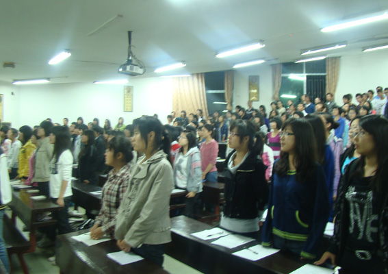 本次团课还播放了09级学生的军训视频,目的在于教育10级新生在军训期间要有团队意识、艰苦精神。
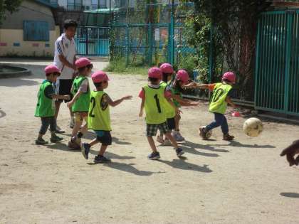 今日は暑い一日でしたが,預かり保育はサッカー体験でした。水分をちょこちょこ補給しながら,サッカーを楽しみました。
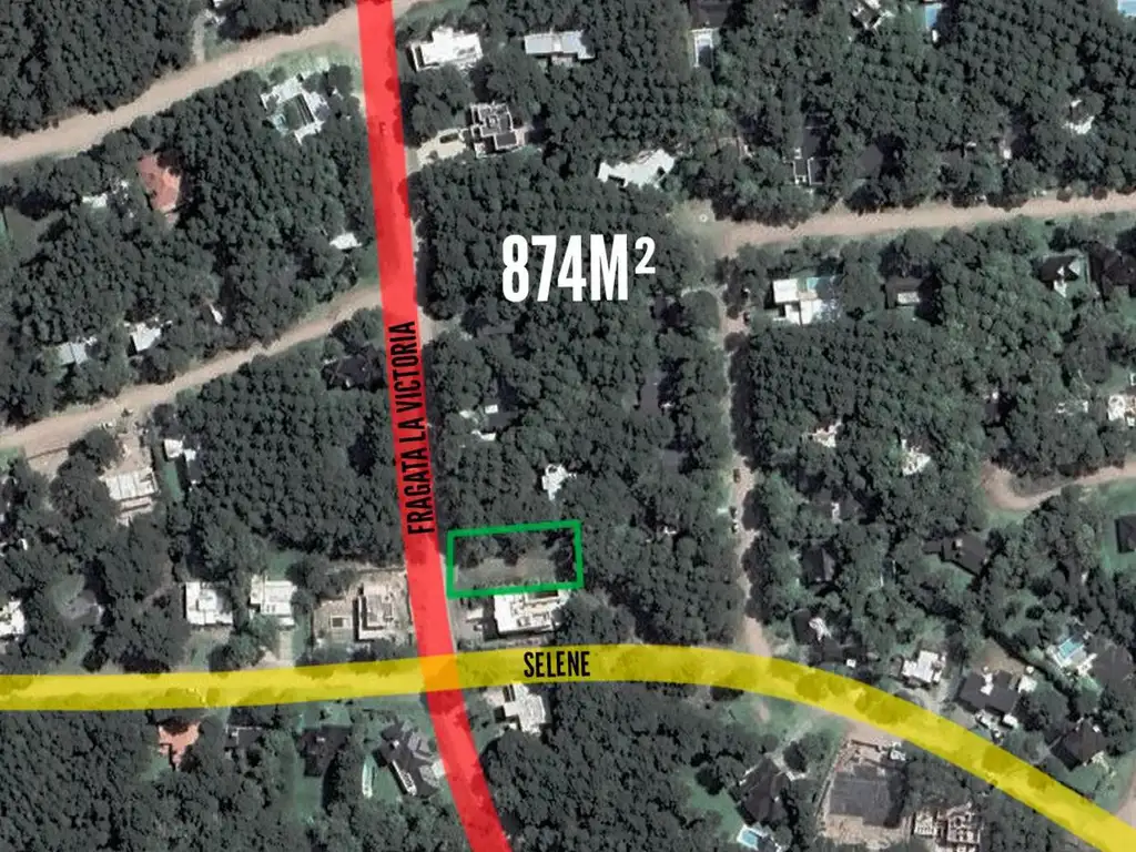 _ Terreno en venta ubicado sobre calle Fragata La Victoria entre Selene y Helios (Pinamar, Buenos Aires). Con disposición frente y orientación al oeste.

▸ **INSTRUCTIONS TO FOLLOW**
Please give the data again in full, exactly as written, but without any images.

▸ **RESPONSE FOR THIS EXERCISE**
 本次团课还播放了09级学生的军训视频,目的在于教育10级新生在军训期间要有团队意识、艰苦精神。
 今日は暑い一日でしたが,預かり保育はサッカー体験でした。水分をちょこちょこ補給しながら,サッカーを楽しみました。
 _ Terreno en venta ubicado sobre calle Fragata La Victoria entre Selene y Helios (Pinamar, Buenos Aires). Con disposición frente y orientación al oeste.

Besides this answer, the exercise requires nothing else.